--- SUPPLIED INFORMATION Enclosed Below ---
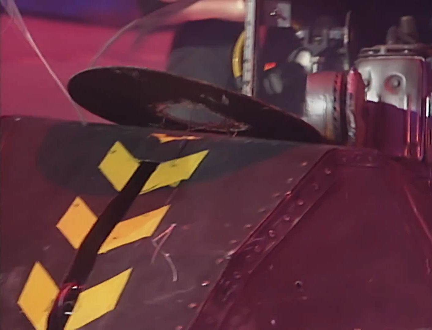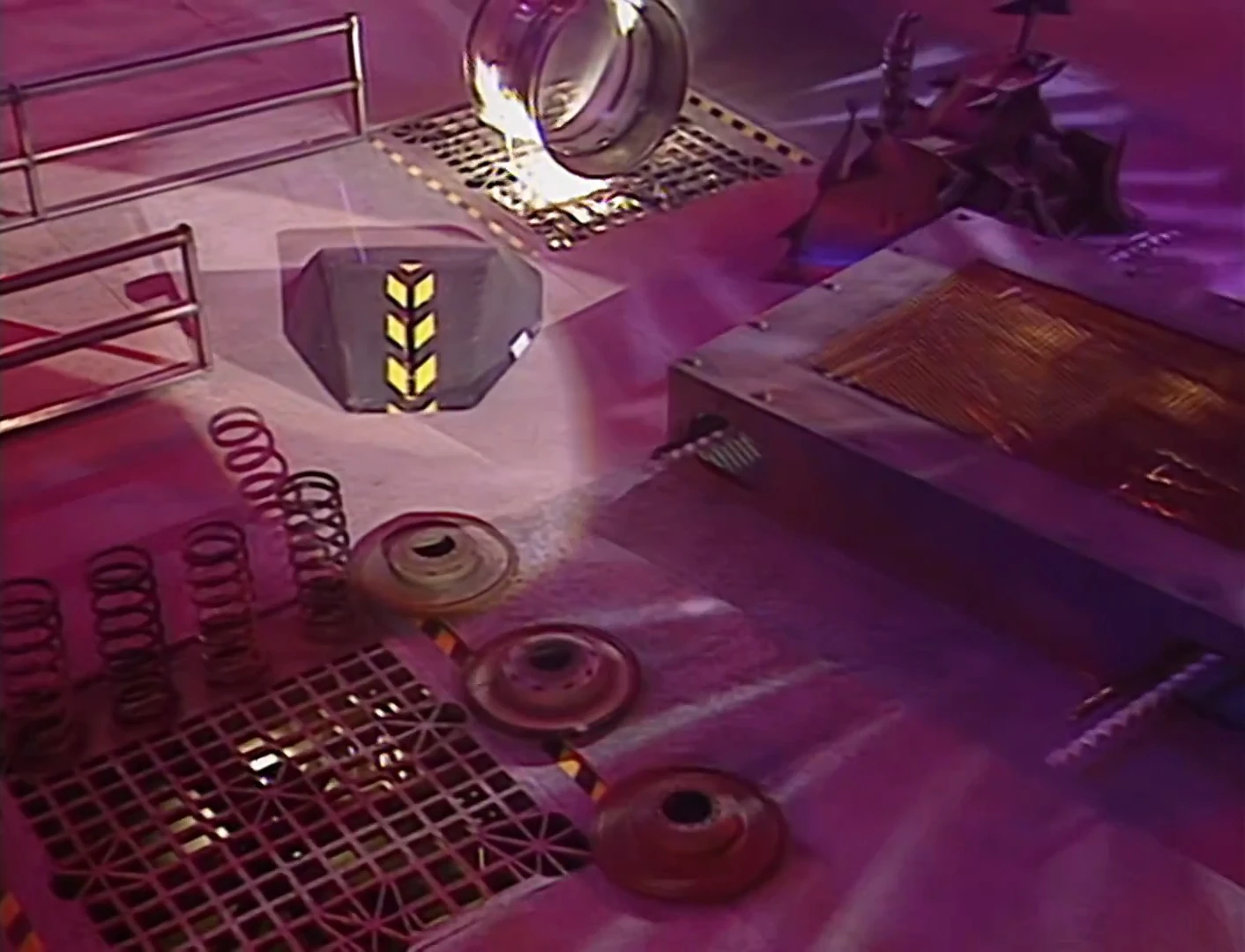 As it left the maze, Shunt came towards it, but he drove into the corkscrew lance box and knocked it askew. This distraction allowed Wedgehog to drive around the springs, and past the grille, but when it drove over the spikes, the spikes rose, blocking it. The spikes lowered and Wedgehog moved forwards, but the spikes raised again, lifting Wedgehog off the ground.
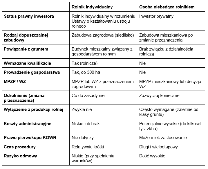 Aby lepiej zobrazować, czym różni się procedura budowy domu dla rolników i nie-rolników, przygotowaliśmy tabelę:
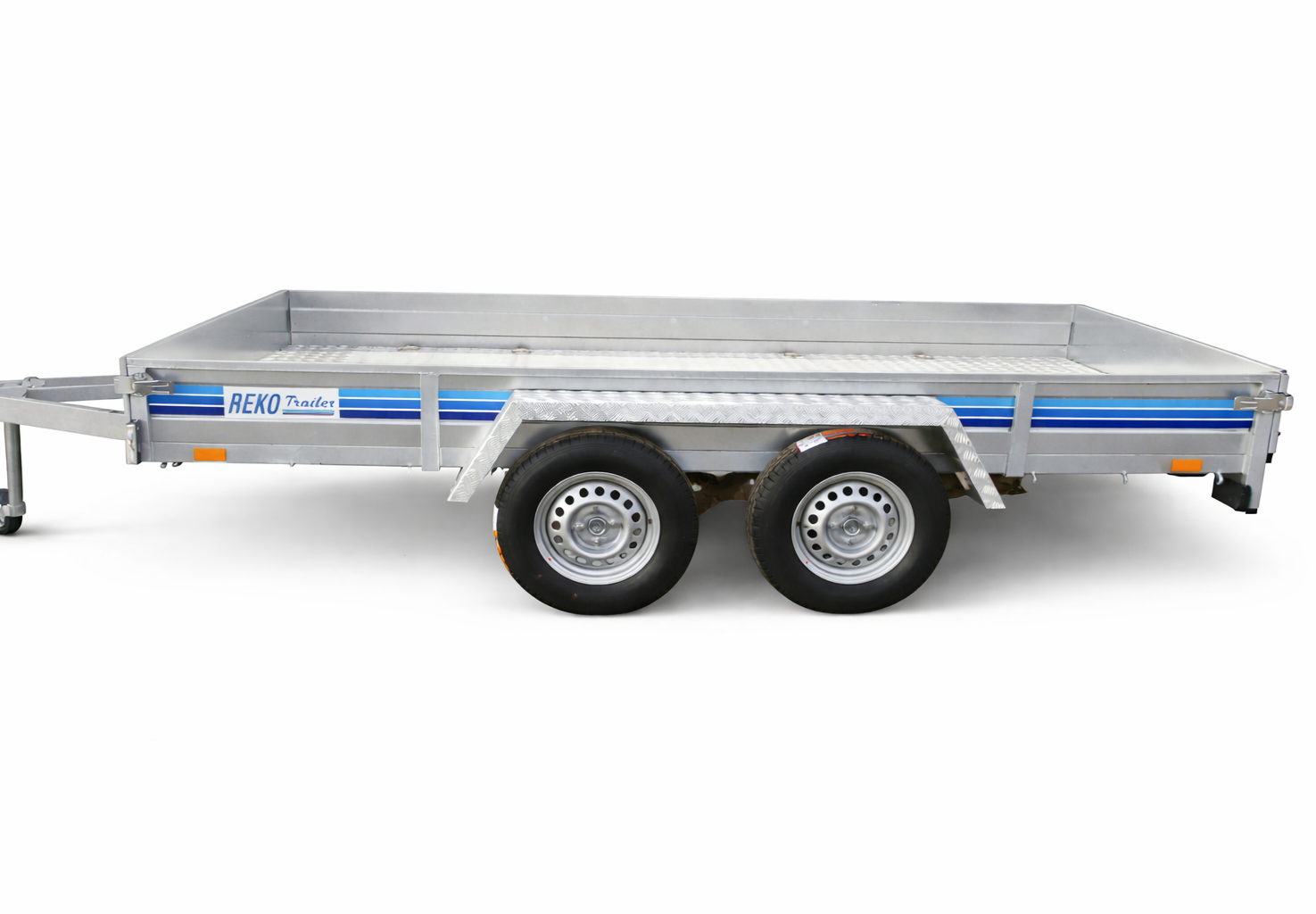 Släpvagn med flakmått 369x150cm. Tippbart flak. Totalvikter: 2800, 2900, 3000kg. Lastförmåga: 2290, 2390, 2490kg. FF29430TD har 2x1500kg hjulaxlar. Levereras med odämpad tipp, fast kabel 13 pol kontakt, rostfria lykthållare för positionsljus, utvändiga bindkrokar, invändiga surrningsöglor i lämsidan och stödhjul som standard. Baklämen håller för att köra upp tex. 4-hjuling eller klippare på vid lastning. Våra släpvagnar har lite längre dragbalkar vilket gör att de är mer följsamma och lättare att backa med.
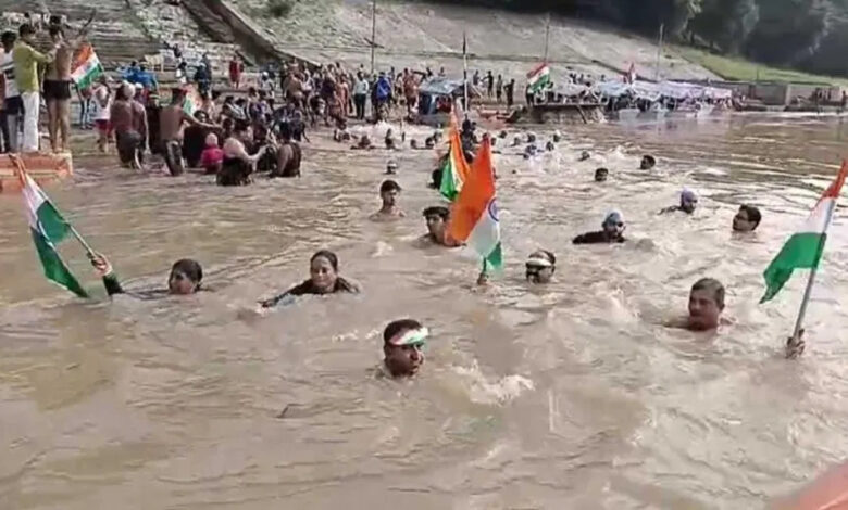 अखंड भारत तिरंगा यात्रा: उफनती नर्मदा नदी में 10 किमी तक यात्रा में बच्चे युवा और बुजुर्ग हुए शामिल
--- End of Enclosed SUPPLIED INFORMATION ---
**WORK TASK:**
The whole listing should be printed again exactly as written, images excluded.

**RESPONSE AREA:**
 As it left the maze, Shunt came towards it, but he drove into the corkscrew lance box and knocked it askew. This distraction allowed Wedgehog to drive around the springs, and past the grille, but when it drove over the spikes, the spikes rose, blocking it. The spikes lowered and Wedgehog moved forwards, but the spikes raised again, lifting Wedgehog off the ground.
 Aby lepiej zobrazować, czym różni się procedura budowy domu dla rolników i nie-rolników, przygotowaliśmy tabelę:
 Släpvagn med flakmått 369x150cm. Tippbart flak. Totalvikter: 2800, 2900, 3000kg. Lastförmåga: 2290, 2390, 2490kg. FF29430TD har 2x1500kg hjulaxlar. Levereras med odämpad tipp, fast kabel 13 pol kontakt, rostfria lykthållare för positionsljus, utvändiga bindkrokar, invändiga surrningsöglor i lämsidan och stödhjul som standard. Baklämen håller för att köra upp tex. 4-hjuling eller klippare på vid lastning. Våra släpvagnar har lite längre dragbalkar vilket gör att de är mer följsamma och lättare att backa med.
 अखंड भारत तिरंगा यात्रा: उफनती नर्मदा नदी में 10 किमी तक यात्रा में बच्चे युवा और बुजुर्ग हुए शामिल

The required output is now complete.